Task objective:
Retype nothing except the lines below from the one with "- 1 x Wera 8100" through the one with "Classic fish restaurant", exactly, with images left out.

= = = =

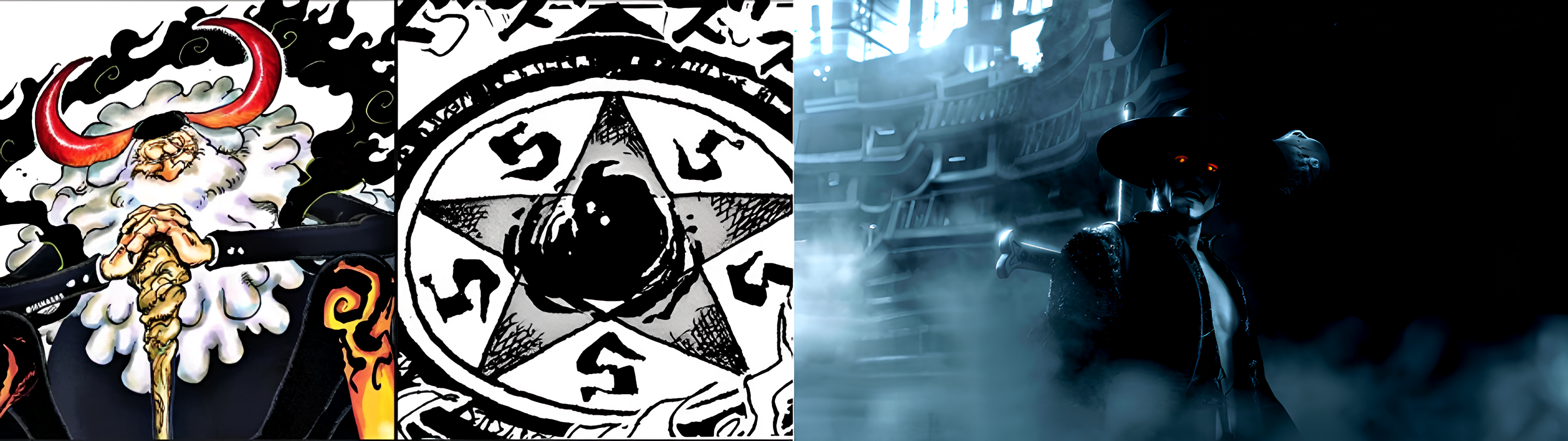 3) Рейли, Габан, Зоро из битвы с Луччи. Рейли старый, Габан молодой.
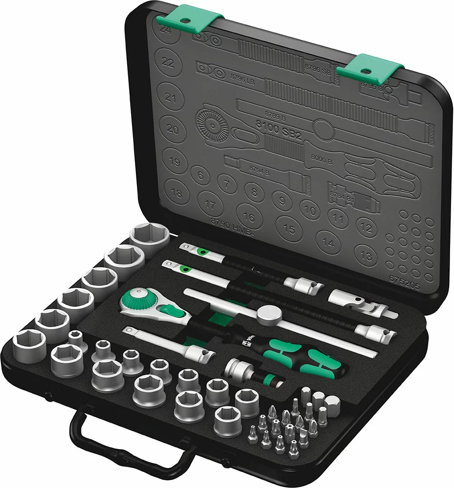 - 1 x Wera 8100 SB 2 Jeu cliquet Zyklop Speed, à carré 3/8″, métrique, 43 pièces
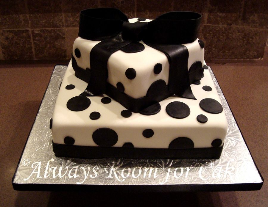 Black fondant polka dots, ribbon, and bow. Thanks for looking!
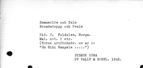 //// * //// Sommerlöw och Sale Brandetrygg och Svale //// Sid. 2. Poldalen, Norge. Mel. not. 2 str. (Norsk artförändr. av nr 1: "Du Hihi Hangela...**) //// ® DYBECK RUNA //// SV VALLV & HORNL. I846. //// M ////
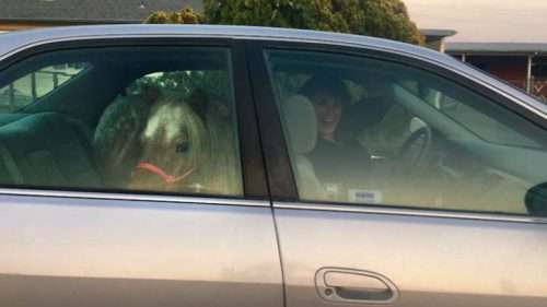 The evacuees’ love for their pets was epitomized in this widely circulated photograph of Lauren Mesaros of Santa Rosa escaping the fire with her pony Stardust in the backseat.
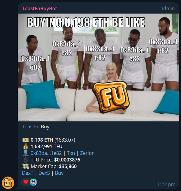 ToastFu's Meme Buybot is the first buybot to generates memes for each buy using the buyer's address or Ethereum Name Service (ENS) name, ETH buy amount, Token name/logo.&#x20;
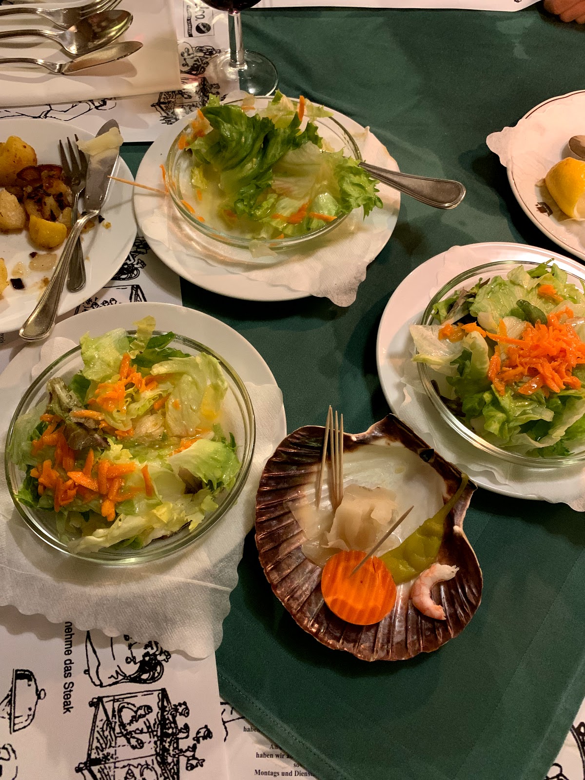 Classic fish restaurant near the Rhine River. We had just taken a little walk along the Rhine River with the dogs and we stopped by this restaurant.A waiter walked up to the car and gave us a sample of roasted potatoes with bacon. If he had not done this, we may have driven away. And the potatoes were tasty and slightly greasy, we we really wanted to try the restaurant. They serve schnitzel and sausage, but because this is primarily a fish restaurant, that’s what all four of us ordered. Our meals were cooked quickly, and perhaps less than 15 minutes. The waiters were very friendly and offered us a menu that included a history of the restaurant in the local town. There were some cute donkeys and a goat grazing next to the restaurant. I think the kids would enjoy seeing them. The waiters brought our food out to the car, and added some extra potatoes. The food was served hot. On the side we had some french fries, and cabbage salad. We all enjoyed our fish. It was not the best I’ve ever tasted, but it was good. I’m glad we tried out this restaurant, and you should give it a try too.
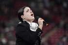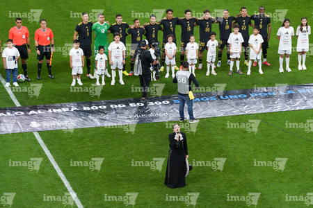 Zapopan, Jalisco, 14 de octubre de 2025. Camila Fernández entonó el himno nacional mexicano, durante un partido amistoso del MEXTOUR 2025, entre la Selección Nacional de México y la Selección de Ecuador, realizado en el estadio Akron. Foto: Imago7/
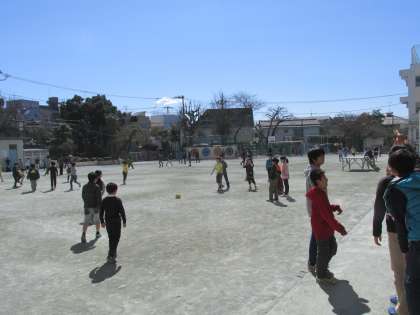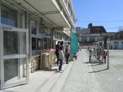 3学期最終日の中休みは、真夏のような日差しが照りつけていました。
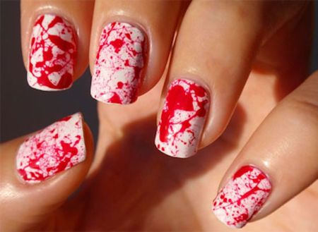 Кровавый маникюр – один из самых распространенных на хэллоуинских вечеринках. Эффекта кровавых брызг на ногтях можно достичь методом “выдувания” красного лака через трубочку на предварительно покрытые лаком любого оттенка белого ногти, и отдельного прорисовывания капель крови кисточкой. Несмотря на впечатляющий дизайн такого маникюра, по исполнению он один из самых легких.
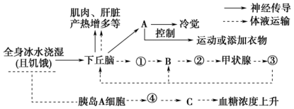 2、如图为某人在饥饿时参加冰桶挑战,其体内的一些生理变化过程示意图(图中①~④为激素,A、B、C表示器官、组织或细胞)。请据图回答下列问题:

= = = =

Solution to the problem:
 - 1 x Wera 8100 SB 2 Jeu cliquet Zyklop Speed, à carré 3/8″, métrique, 43 pièces
 Black fondant polka dots, ribbon, and bow. Thanks for looking!
 //// * //// Sommerlöw och Sale Brandetrygg och Svale //// Sid. 2. Poldalen, Norge. Mel. not. 2 str. (Norsk artförändr. av nr 1: "Du Hihi Hangela...**) //// ® DYBECK RUNA //// SV VALLV & HORNL. I846. //// M ////
 The evacuees’ love for their pets was epitomized in this widely circulated photograph of Lauren Mesaros of Santa Rosa escaping the fire with her pony Stardust in the backseat.
 ToastFu's Meme Buybot is the first buybot to generates memes for each buy using the buyer's address or Ethereum Name Service (ENS) name, ETH buy amount, Token name/logo.&#x20;
 Classic fish restaurant near the Rhine River. We had just taken a little walk along the Rhine River with the dogs and we stopped by this restaurant.A waiter walked up to the car and gave us a sample of roasted potatoes with bacon. If he had not done this, we may have driven away. And the potatoes were tasty and slightly greasy, we we really wanted to try the restaurant. They serve schnitzel and sausage, but because this is primarily a fish restaurant, that’s what all four of us ordered. Our meals were cooked quickly, and perhaps less than 15 minutes. The waiters were very friendly and offered us a menu that included a history of the restaurant in the local town. There were some cute donkeys and a goat grazing next to the restaurant. I think the kids would enjoy seeing them. The waiters brought our food out to the car, and added some extra potatoes. The food was served hot. On the side we had some french fries, and cabbage salad. We all enjoyed our fish. It was not the best I’ve ever tasted, but it was good. I’m glad we tried out this restaurant, and you should give it a try too.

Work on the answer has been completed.